• [Task material]
##########

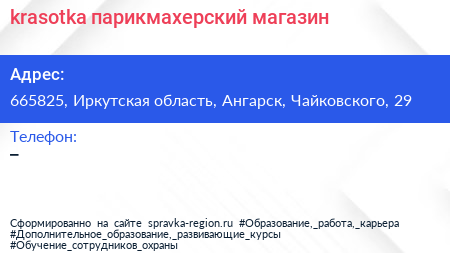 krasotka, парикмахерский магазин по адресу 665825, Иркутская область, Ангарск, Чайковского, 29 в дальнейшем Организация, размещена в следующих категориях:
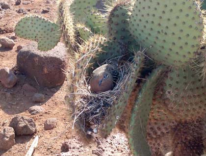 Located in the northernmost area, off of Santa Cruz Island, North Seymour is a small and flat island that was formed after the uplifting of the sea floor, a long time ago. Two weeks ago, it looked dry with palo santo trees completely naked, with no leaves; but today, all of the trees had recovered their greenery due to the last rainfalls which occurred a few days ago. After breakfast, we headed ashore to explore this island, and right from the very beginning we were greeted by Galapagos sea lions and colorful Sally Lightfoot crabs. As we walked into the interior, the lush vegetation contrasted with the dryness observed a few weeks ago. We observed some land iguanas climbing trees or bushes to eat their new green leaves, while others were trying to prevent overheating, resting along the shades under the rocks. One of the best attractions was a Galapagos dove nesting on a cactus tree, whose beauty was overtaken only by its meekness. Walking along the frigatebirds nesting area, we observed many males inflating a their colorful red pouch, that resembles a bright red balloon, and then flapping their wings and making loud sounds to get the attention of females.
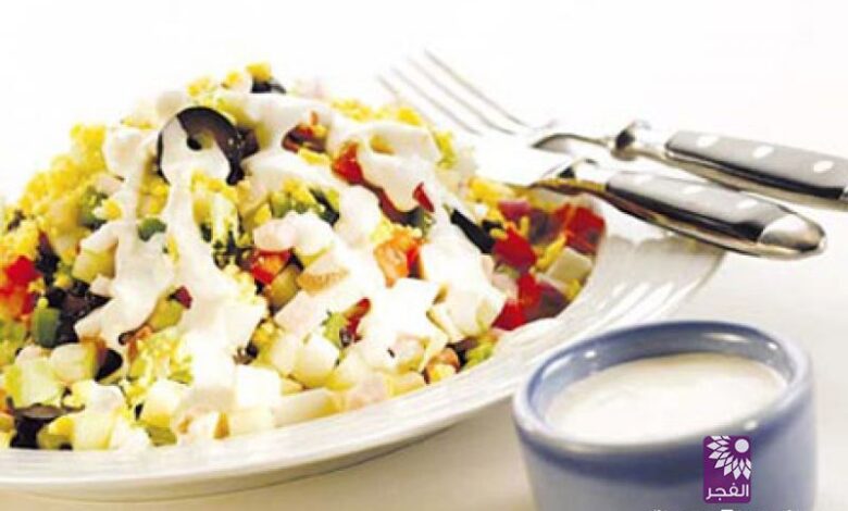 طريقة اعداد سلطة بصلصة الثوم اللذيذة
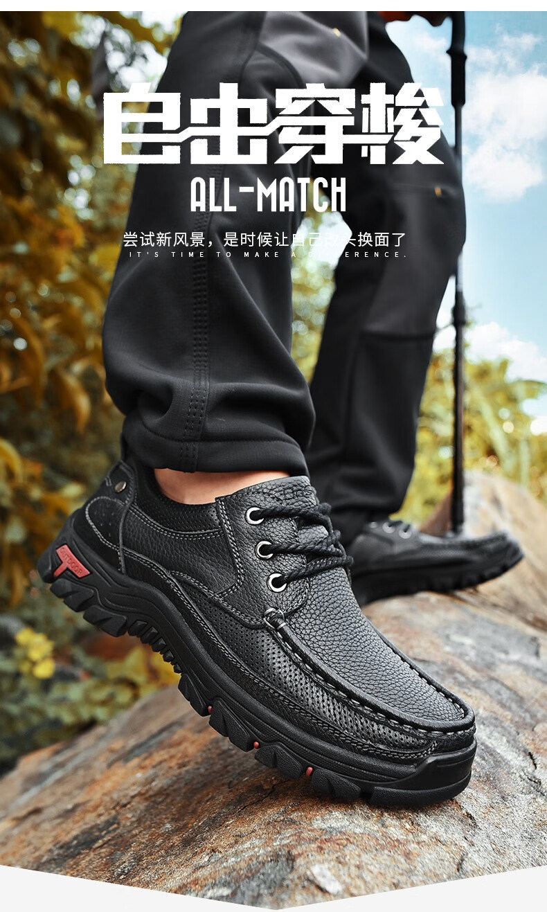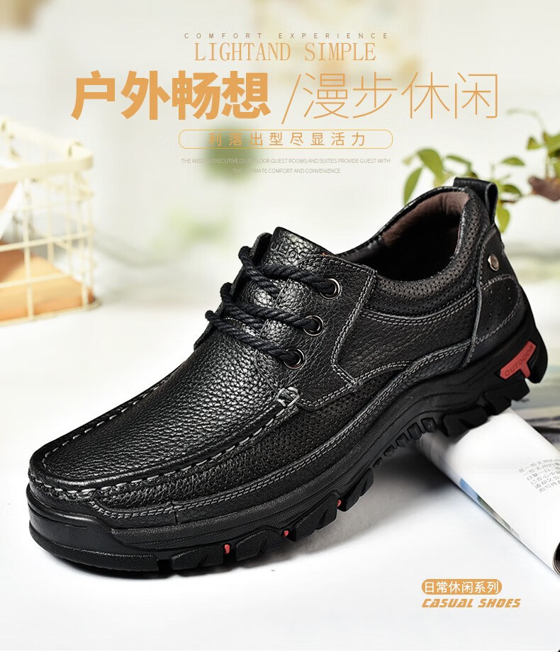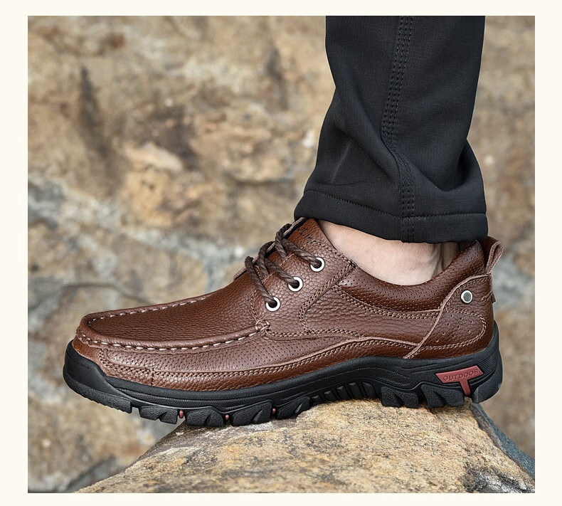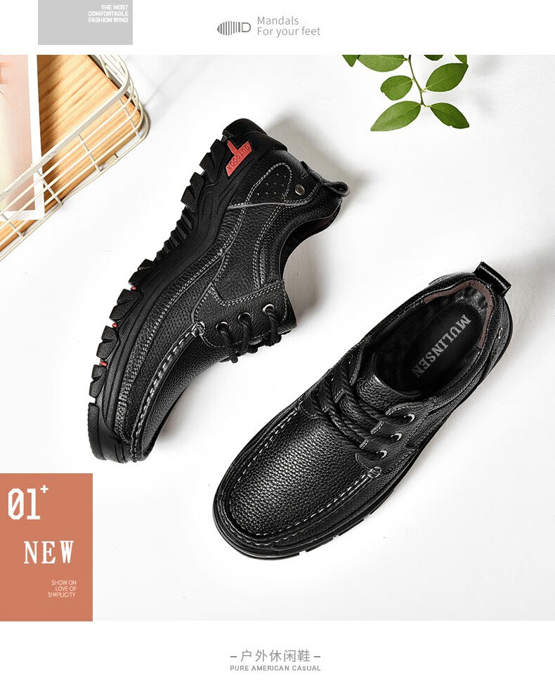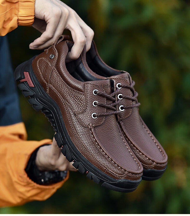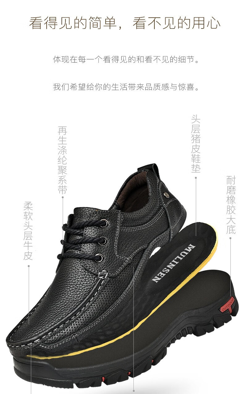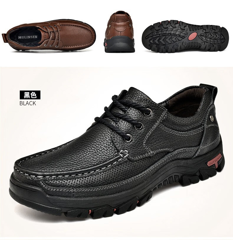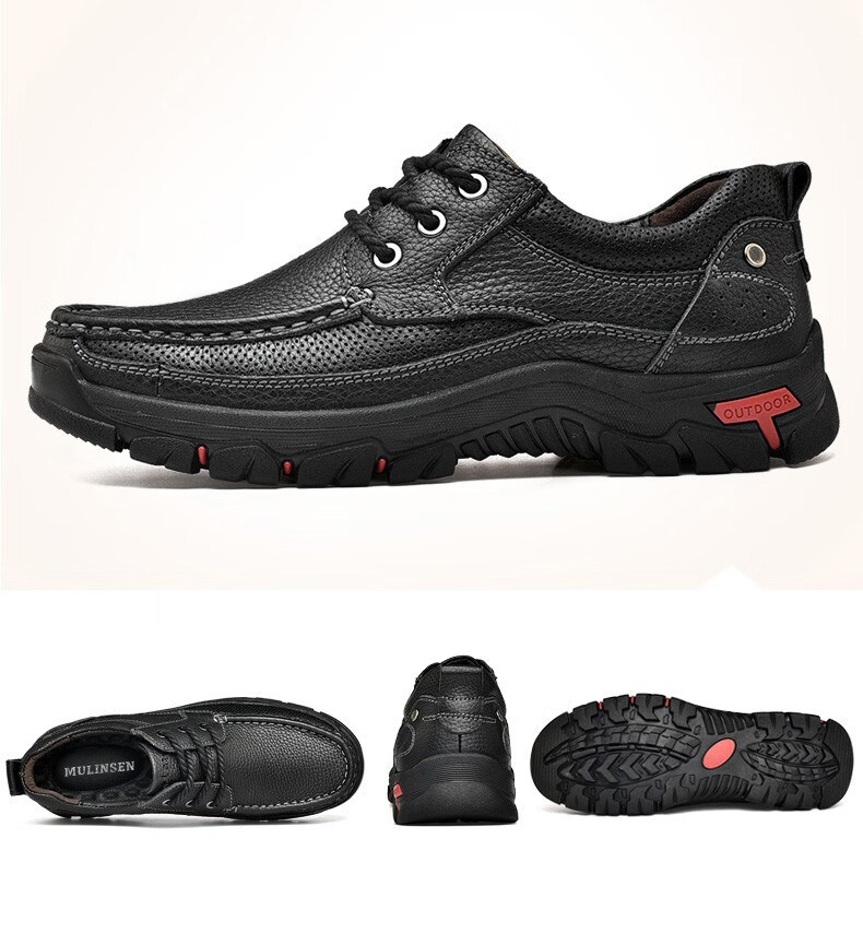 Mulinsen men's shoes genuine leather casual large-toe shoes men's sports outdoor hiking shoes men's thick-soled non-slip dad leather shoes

##########

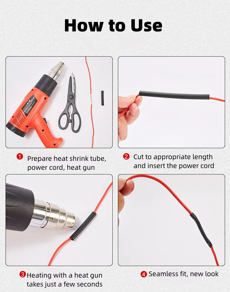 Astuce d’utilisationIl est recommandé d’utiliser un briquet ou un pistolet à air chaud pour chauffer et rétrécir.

##########

• [Exercise description]
Within these entries, output exactly the lines starting at the one with "krasotka, парикмахерский магазин" and finishing at the one with "Mulinsen men's shoes". Leave pictures out of the output.

• [Task output]
 krasotka, парикмахерский магазин по адресу 665825, Иркутская область, Ангарск, Чайковского, 29 в дальнейшем Организация, размещена в следующих категориях:
 Located in the northernmost area, off of Santa Cruz Island, North Seymour is a small and flat island that was formed after the uplifting of the sea floor, a long time ago. Two weeks ago, it looked dry with palo santo trees completely naked, with no leaves; but today, all of the trees had recovered their greenery due to the last rainfalls which occurred a few days ago. After breakfast, we headed ashore to explore this island, and right from the very beginning we were greeted by Galapagos sea lions and colorful Sally Lightfoot crabs. As we walked into the interior, the lush vegetation contrasted with the dryness observed a few weeks ago. We observed some land iguanas climbing trees or bushes to eat their new green leaves, while others were trying to prevent overheating, resting along the shades under the rocks. One of the best attractions was a Galapagos dove nesting on a cactus tree, whose beauty was overtaken only by its meekness. Walking along the frigatebirds nesting area, we observed many males inflating a their colorful red pouch, that resembles a bright red balloon, and then flapping their wings and making loud sounds to get the attention of females.
 طريقة اعداد سلطة بصلصة الثوم اللذيذة
 Mulinsen men's shoes genuine leather casual large-toe shoes men's sports outdoor hiking shoes men's thick-soled non-slip dad leather shoes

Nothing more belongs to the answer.